فَانْطَلَقَا حَتَّى إِذَا رَكِبَا فِي السَّفِينَةِ خَرَقَهَا قَالَ أَخَرَقْتَهَا لِتُغْرِقَ أَهْلَهَا قَالَ أَخَرَقْتَهَا لِتُغْرِقَ أَهْلَهَا لَقَدْ جِئْتَ شَيْئًا إِمْرًا. قَالَ أَلَمْ أَقُلْ إِنَّكَ لَنْ تَسْتَطِيعَ مَعِيَ صَبْرًا.

Artinya :"Maka berjalanlah keduanya, hingga tatkala keduanya menaiki perahu lalu Khidhr melobanginya. Musa berkata :"Mengapa kamu melobangi perahu itu yang akibatnya kamu menenggelamkan penumpangnya?, "Sesungguhnya kamu telah berbuat sesuatu kesalahan yang besar. Dia (Khidlr) berkata: "Bukankah aku telah berkata: "Sesungguhnya kamu sekali-kali tidak akan sabar bersama dengan aku". (al-Kahfi 18 :71-72)

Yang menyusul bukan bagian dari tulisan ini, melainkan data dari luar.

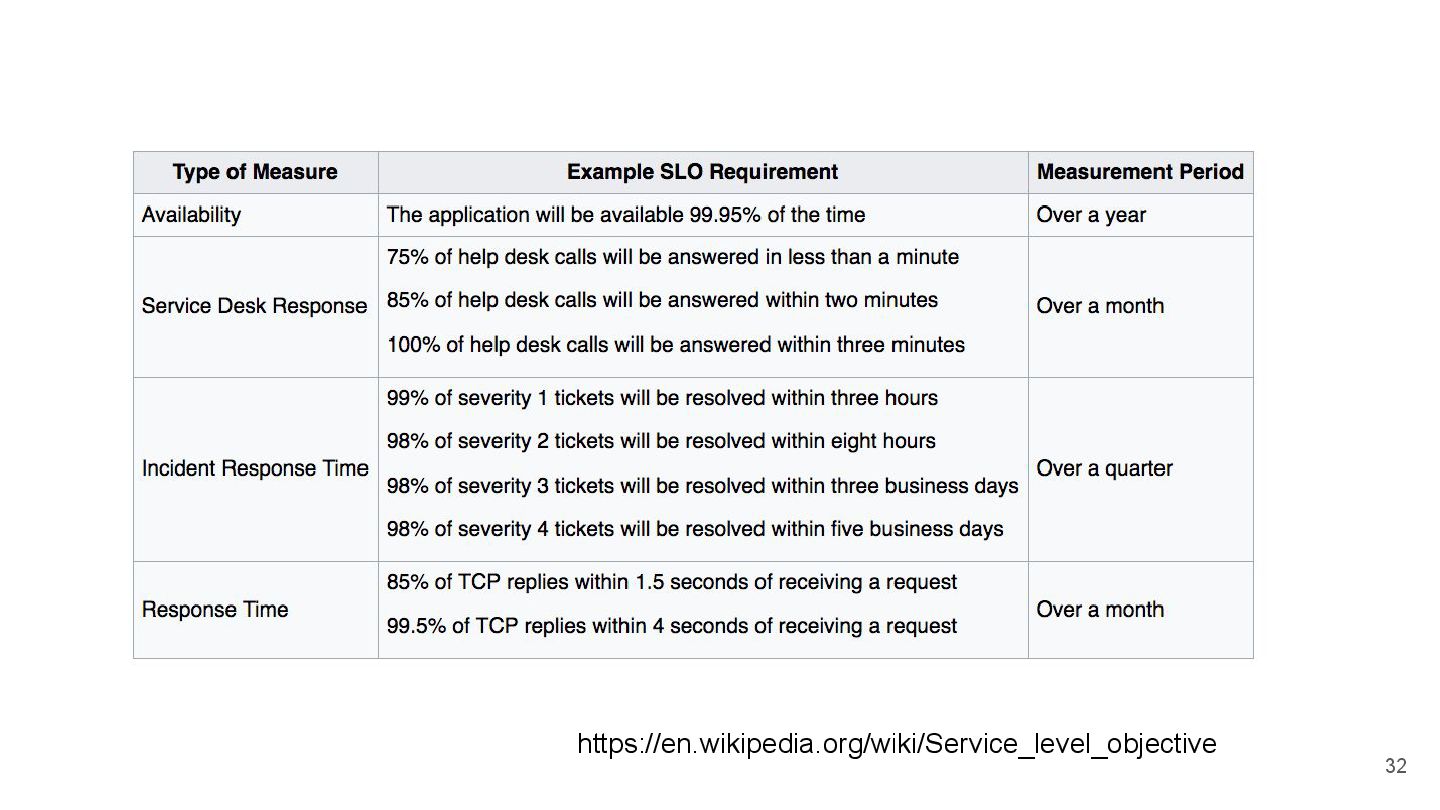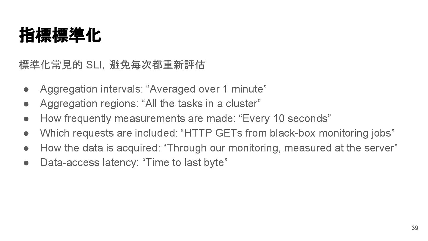 • Aggregation regions: “All the tasks in a cluster” • How frequently measurements are made: “Every 10 seconds” • Which requests are included: “HTTP GETs from black-box monitoring jobs” • How the data is acquired: “Through our monitoring, measured at the server” • Data-access latency: “Time to last byte” 39

Sedangkan kalau kamu sebagai seorang anak yang masih mempunyai dua orang tua maka tatakramanya seorang anak terhadap kedua orang tuanya adalah, dengarkan perkataan keduanya, berdirilah ketika keduanya berdiri untuk beranjak dari tempat duduknya, kerjakan apa yang diperintahkannya selama tidak melanggar perintah dan larangan Allah, jangan berjalan di depannya, jangan berbicara dengan nada atau suara keras sehingga melebihi suaranya, datanglah ketika dipanggil, rawatlah ketika keduanya sakit, ringankan tenaga dan kesempatanu untuk membantu dan melayaninya, jangan kamu tunda-tanda lagi untuk berbakti kepadanya, jangan memandangnya dengan pandangan yang sinis, jangan cemberut di hadapnnya, jangan bepergian kecuali dengan izinnya.           

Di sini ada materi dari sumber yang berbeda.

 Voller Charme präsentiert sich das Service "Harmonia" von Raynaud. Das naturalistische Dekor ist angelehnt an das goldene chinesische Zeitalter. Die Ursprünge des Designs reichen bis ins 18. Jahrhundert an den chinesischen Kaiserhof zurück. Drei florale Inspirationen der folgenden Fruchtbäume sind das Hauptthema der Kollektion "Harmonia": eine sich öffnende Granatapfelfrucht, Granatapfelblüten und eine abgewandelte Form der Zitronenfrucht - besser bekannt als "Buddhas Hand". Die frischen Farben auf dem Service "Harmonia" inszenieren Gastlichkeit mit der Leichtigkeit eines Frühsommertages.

Dan ketahuilah bahwa selain macamnya orang tersebut, juga ada tiga macam lagi orang yang akan kamu temukan yaitu ; adakalnya teman bergaul, teman kenalan, dan teman yang bodoh. Sedangkan ketika kamu harus bertemu dan bergaul dengan teman-teman yang bodoh tersebut maka tatakrama yang harus pakai adalah ketika berkumpul dengan mereka adalah jangan sampai kamu masuk ke dalam dan terpancing dengan pembicaraan mereka, tetapi usahakan-lah untuk membiarkan dan melupakan apa yang mereka bicarakan. Juga jangan terlalu sering ketemu dengan mereka, atau sampai terpaku kepada mereka, berilah pengarahan kepada mereka atas kemungkaran yang mereka lakukan dengan halus, atau berilah mereka nasehat kalau hal itu kalau dimungkingkan mereka mau menerimanya.         

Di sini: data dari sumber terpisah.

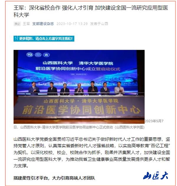 10月17日,山西省重点党建旬刊《支部建设》杂志“主题策划”栏目刊发我校党委书记王军署名文章《深化省校合作 强化人才引育 加快建设全国一流研究应用型医科大学》。文章从“搭建柔性引才平台,大力引育高端人才团队”“服务国家重大战略,培养高水平公共卫生人才”“深化产教研用融合,更好服务山西转型发展”“完善激励保障机制,全面优化人才发展生态”四个部分,深度阐述了我校党委全面贯彻习近平总书记关于做好新时代人才工作的重要思想,坚持党管人才原则,认真落实省委新时代人才强省战略,以实施高等教育百亿工程为契机,以深化校校、校企、校院合作为抓手,刚柔并济集聚人才,加快建设全国一流研究应用型医科大学,为推动我省卫生健康事业高质量发展提供更多的人才和智力支撑。

Sedangkan terhadap teman yang seperti saudara dan teman bergaul kamu meedepankan dua hal, yaitu ; mereka harus mereka harus benar-benar bisa menjadi seperti saudara dan teman bergaul, jangan bersaudara orang yang tidak bisa menjalin persaudaraan dan pertemanan.
Dalam sebuah hadits, nabi Muhammad Saw, mengatakan :
اَلْمَرْءُ عَلَى دِيْنِ خَلِيْلِهِ فَلْيَنْظُرْ أَحَدُكُمْ مَنْ يُخَالِلُ
Artinya :"Seseorang itu bisa diketahui (tingkat) keberagamaannya dengan mengetahui (tingkat) keberagamaan temannya, maka cari dan lihatlah siapa temannya dia".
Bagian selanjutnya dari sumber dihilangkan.